Похожие черты были у немцев, от века организованных, податливых внушению философией на грани софофилии. В итоге Высокий Модерн довёл идею искусственного порядка до издевательства и абсурда, породив два тоталитаризма, наш и немецкий. Политическим ответом на немецкое издание стал Нюрнберг, а мировоззренческим и философским — ревизия идеологии Модерна, несущего, как выяснилось, не только свет. После лагерей смерти уже нельзя было делать вид, будто эпохой гуманизма и просвещения мир понят правильно и лишь не так отстроен, что дело в дефектах реализации, а не проекта.

Когда-то прорыв в современность «из тьмы средневековья» был окрашен высочайшим пафосом: образы «рассвета» (Руссо), «великолепный восход солнца» (Гегель), «вспышка молнии» (Шеллинг). Но оказалось, что ослепительные явления истории нагоняют слепоту на целые народы, вдруг кидающиеся во имя всего хорошего уничтожать себе подобных и самих себя. ХХ век заканчивался прозрением: трагедии и риски современности — не отклонения, а законные порождения Модерна, его темной стороны, опасной, но неотчуждаемой.

Эта мысль ожила в разных образах: от дуализма доктора Джекила и мистера Хайда до проблем с контролем светлой стороны Силы — Ашлы в ордене джедаев («световой меч» близок метафорам света в немецкой классике, но без фанатизма). Вся эта идейная попса восходит к древнейшим диалектикам света и тени, добра и зла, однако придает им звучание техногенной современности. Джекил превращается в Хайда не иначе как интересом и силой знания, науки, опыта, техники. И тягой к рукотворному совершенству — idefix Модерна.

Новое время открыло человека себе, миру и будущему, сбросило путы косности и слепых верований, расковало субъективность и самопознание. Оно ищет основания только в себе, отвергая устои и предубеждения, все внешнее и предзаданное. Эту экстремальную свободу и самостоятельность Модерн распространяет на человека, избавляя его от ограничений и соподчинения, барьеров и иерархий. Культ разума и объективистская нелицеприятность знания согласуются с ценностями политической справедливости; научная истина и гражданское право гарантированы одинаково — абстрактным Законом, стоящим выше любых интересов, предрассудков и привилегий.

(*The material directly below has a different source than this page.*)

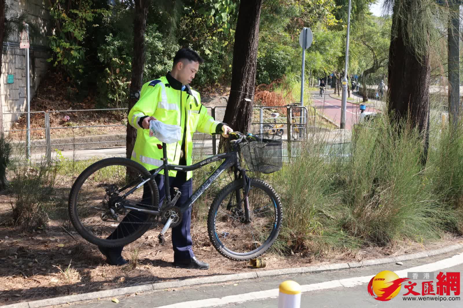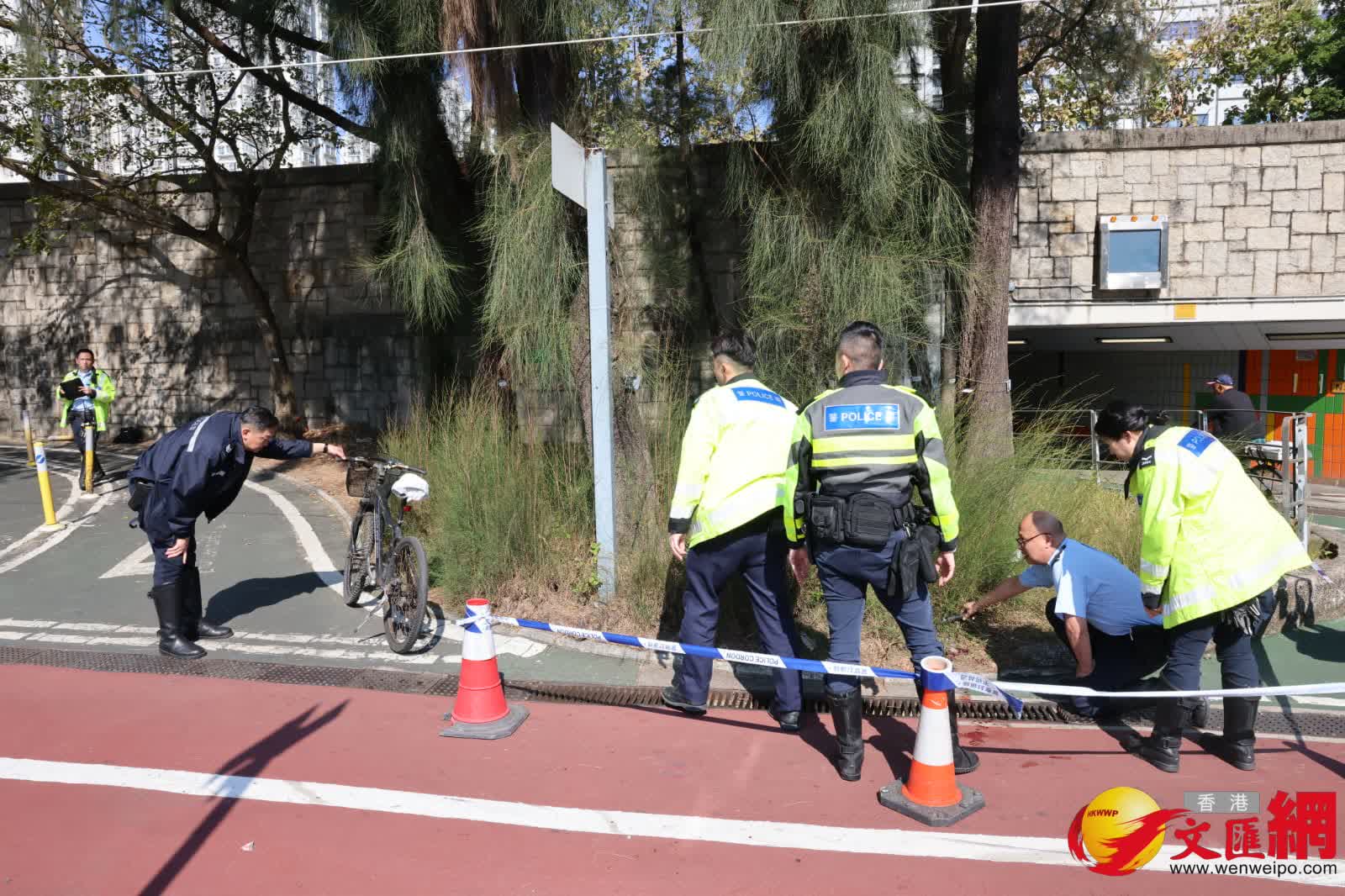 現場消息指,事發時傷者正與工友踏單車前往午膳,途中行在前方工友突然聽到後方傳來異響,轉頭赫見傷者已經翻車倒地,懷疑落斜時失控「自炒」,因未有配戴頭盔作保護,導致頭部受傷昏迷。

Плюс прорыв в эсхатологии: история становится временем направленного прогресса, движения к осмысленному плану. Начиная с «идеальных городов», слово «идеал» делается ключевым. Но это вечное движение постоянно встраивает в себя проект «открывающей завершенности»: от идеализации прусского государства Гегелем и начала «подлинно человеческой истории» у Маркса до русского политического и художественного авангарда с «до основания, а затем» и «переходом через ноль» в квадрате Малевича. Идеальное завершение как абсолютное начало.

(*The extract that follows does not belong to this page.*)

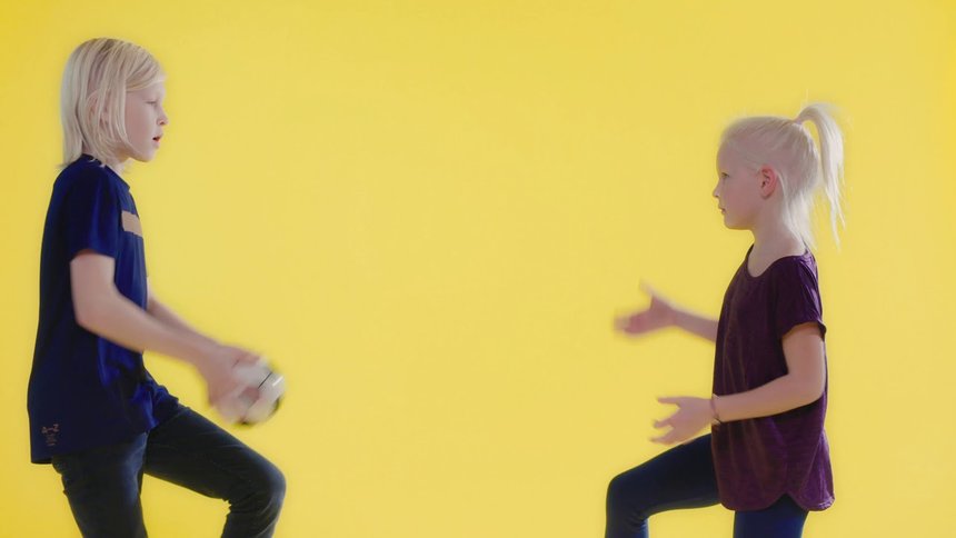 Stå på ett ben och kasta en ärtpåse eller en boll mellan varandra. Öka svårighetsgraden genom att hoppa samtidigt.

Одновременно осваивается универсальное пространство, «председателем» которого объявил себя тот же Малевич с претензией на космос, планету («единая система мировой архитектуры Земли») и «утилитарное совершенство» как таковое. К тотальной архитектуре приходит Modern Movement в установках Гропиуса, Корбю или Гильберсеймера («от дверной ручки до системы расселения»). Универсальный стиль демонстрирует «прекрасный максимализм и полуфантастические результаты». И локальные воплощения: Бразилиа, Чандигарх, Канберра, Тольятти... XX век — эпоха мегапроектов во всех ипостасях, особенно у нас: от ГУЛАГа, секретного «неофициального градостроительства» и экономики тотального плана в СССР до идеалов мировой революции. Те же претензии планетарного масштаба, реализованные для начала «скромно» — в габаритах соцлагеря, мирового освободительного движения, единства всех людей доброй воли.

Преобразование мира и общества — мания Модерна, иногда мистическая. Свобода и регулятивный контроль в одной связке. Реформации и Просвещению сопутствует расцвет демонологии и «охота на ведьм». Кампанелла повернут на астрологии; архитекторы Нового времени дружно и хронически увлекаются масонством с его знанием тайного кода изменений. Тот же пафос знания и контроля разделяют наука и разного рода инженерии, в том числе социальная, «человеческих душ»... Но этот энтузиазм всегда чреват выходом и торжеством темной стороны. Уже в «Городе Солнца» решены вообще все проблемы: слепые чешут шерсть, хромые стоят на страже, а бесплодные женщины поступают в «общее пользование». Эта мораль строга: «Подвергаются смертной казни те, которые из желания быть красивой начали бы румянить лицо, или стали бы носить обувь на высоких каблуках». После 27 лет тюрьмы социальный рай видится утописту острогом с плахой. И наоборот: идеальная тюрьма — «Паноптикум» Иеремии Бентама — стилистически не отличима от идеальных поселений.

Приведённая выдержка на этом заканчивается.